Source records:
▽

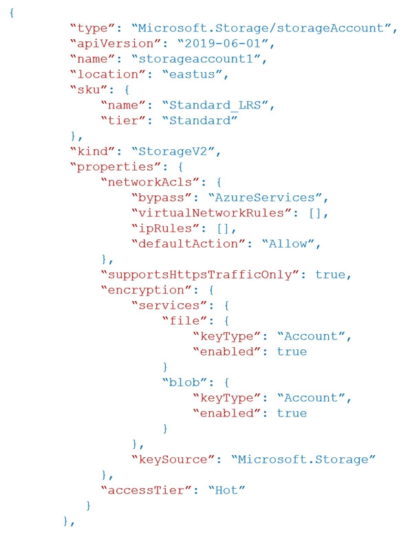 您有一个 Azure 订阅,其中包含一个名为 storageaccount1 的 Azure 存储帐户。 将 storageaccount1 导出为 Azure 资源管理器模板。该模板包含以下部分。您有一个 Azure 订阅,其中包含一个名为 storage1 的存储帐户。
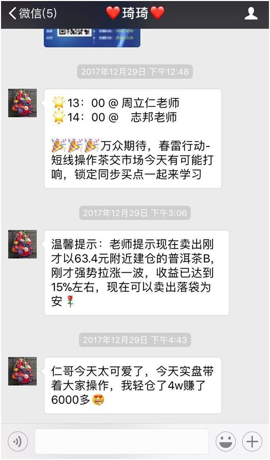 一天老师正在上课,突然弹出一个QQ窗口抖动,是老师的一个朋友,格力的工程师李工,李工赚了30%,两天赚几十万,问老师怎么操作?顿时评论里一片沸腾,老师,什么东西这么赚钱,带带我们?一开始老师还藏着掖着,不愿意说,评论里不屈不饶继续追问,差不多一两个小时以后才告诉大家,是炒茶交所的茶叶,老师本人也在炒,这几天赚了几十万。
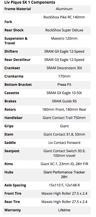 Liv doesn't offer any other build options on the 2018 Pique SX other than the 1 we tested. The 2018 Pique Advanced and 2018 Pique share a frame, which differs from the 2018 Pique SX we tested. The Pique SX has a slacker head tube angle, by 3-degrees, and a slightly slacker seat tube angle, longer top tube, shorter reach, and longer wheelbase. Both the Pique Advanced and Pique have 130mm of travel up front to the Pique SX's 140mm. All of this makes the SX more downhill friendly while the other bikes in the Pique line favor the climb and fall in line with more cross-country style riding.
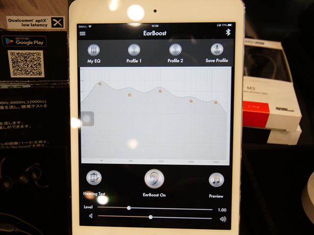 HOME > ニュース > AV&ホームシアターニュース V-MODAからも新製品 <ポタフェス>ソニー、広大なブースで最新ラインナップを紹介/GRADO初のBluetoothヘッドホン 編集部:風間雄介 2018年07月14日 前の写真へ 次の写真へ アプリで自分の聴覚に合わせた自動イコライジングが可能 前の写真へ 次の写真へ この写真の記事へ 関連リンク ポタフェス公式サイト ポタフェス2018 記事一覧
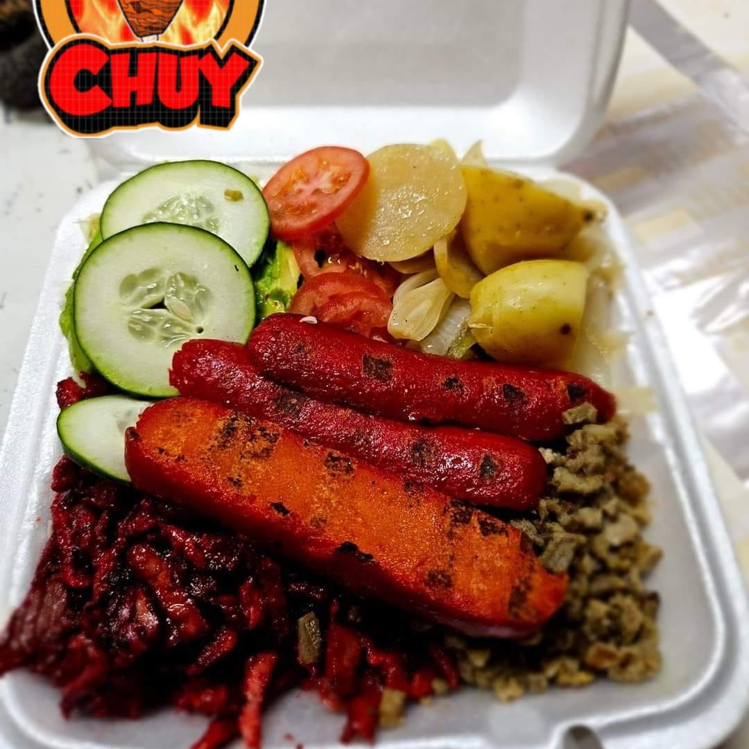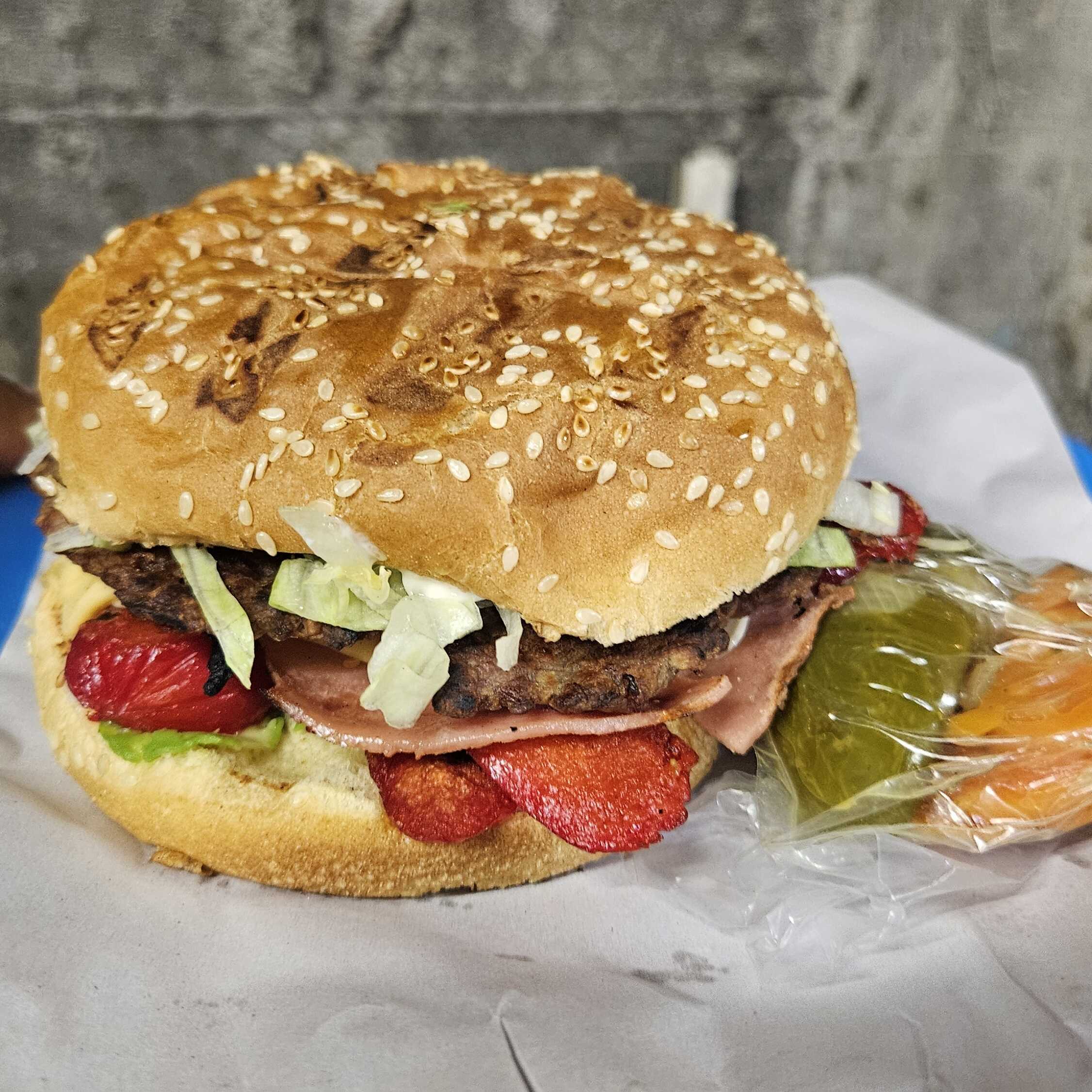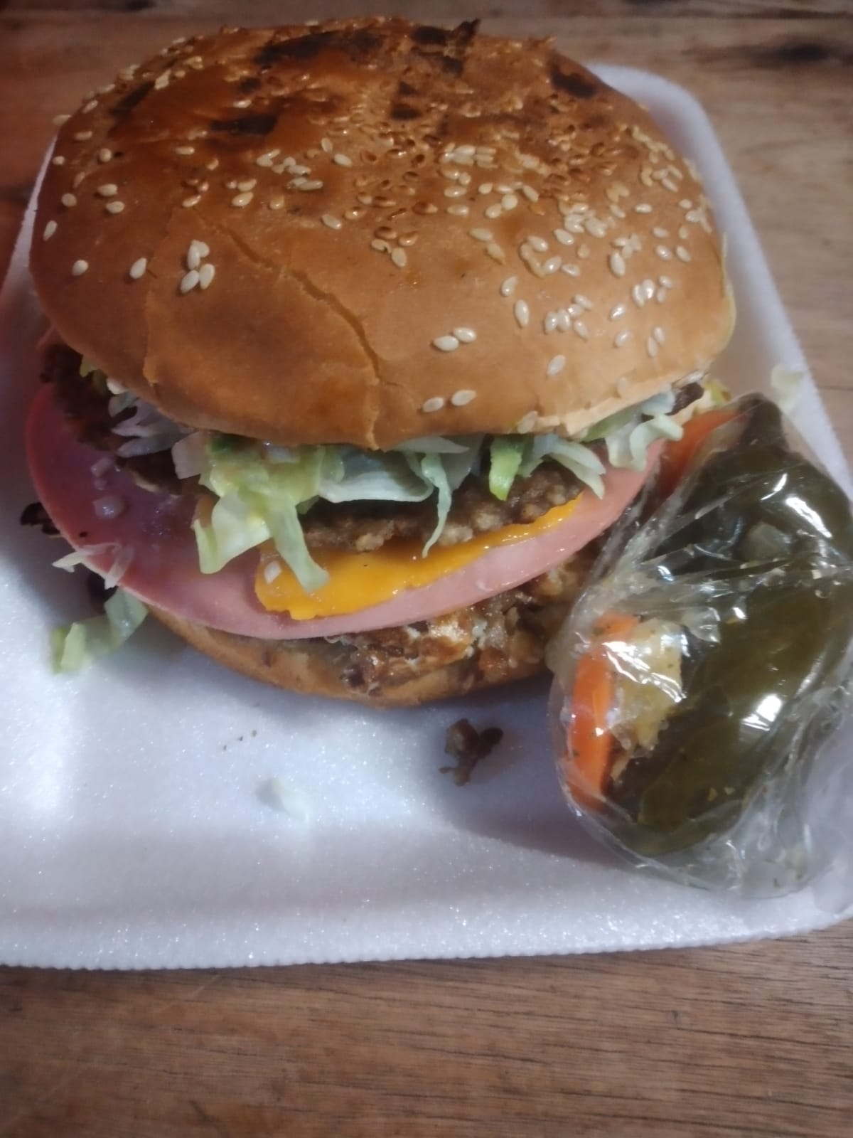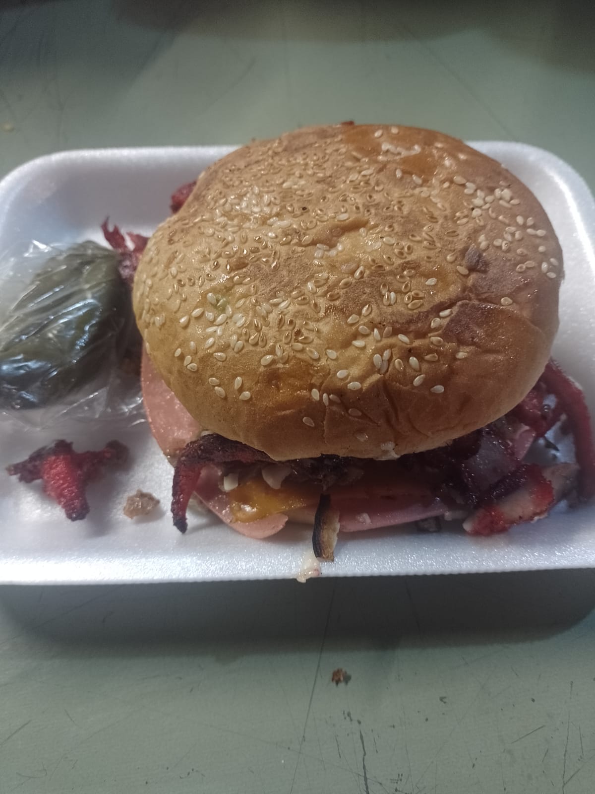 Teleta, con mayonesa, frijoles molidos, lechuga, aguacate, crema, jamón, queso asadero y bistec.

△

Task statement | Skip the images and set down the rest of the data unchanged.

Answer section |
 您有一个 Azure 订阅,其中包含一个名为 storageaccount1 的 Azure 存储帐户。 将 storageaccount1 导出为 Azure 资源管理器模板。该模板包含以下部分。您有一个 Azure 订阅,其中包含一个名为 storage1 的存储帐户。
 一天老师正在上课,突然弹出一个QQ窗口抖动,是老师的一个朋友,格力的工程师李工,李工赚了30%,两天赚几十万,问老师怎么操作?顿时评论里一片沸腾,老师,什么东西这么赚钱,带带我们?一开始老师还藏着掖着,不愿意说,评论里不屈不饶继续追问,差不多一两个小时以后才告诉大家,是炒茶交所的茶叶,老师本人也在炒,这几天赚了几十万。
 Liv doesn't offer any other build options on the 2018 Pique SX other than the 1 we tested. The 2018 Pique Advanced and 2018 Pique share a frame, which differs from the 2018 Pique SX we tested. The Pique SX has a slacker head tube angle, by 3-degrees, and a slightly slacker seat tube angle, longer top tube, shorter reach, and longer wheelbase. Both the Pique Advanced and Pique have 130mm of travel up front to the Pique SX's 140mm. All of this makes the SX more downhill friendly while the other bikes in the Pique line favor the climb and fall in line with more cross-country style riding.
 HOME > ニュース > AV&ホームシアターニュース V-MODAからも新製品 <ポタフェス>ソニー、広大なブースで最新ラインナップを紹介/GRADO初のBluetoothヘッドホン 編集部:風間雄介 2018年07月14日 前の写真へ 次の写真へ アプリで自分の聴覚に合わせた自動イコライジングが可能 前の写真へ 次の写真へ この写真の記事へ 関連リンク ポタフェス公式サイト ポタフェス2018 記事一覧
 Teleta, con mayonesa, frijoles molidos, lechuga, aguacate, crema, jamón, queso asadero y bistec.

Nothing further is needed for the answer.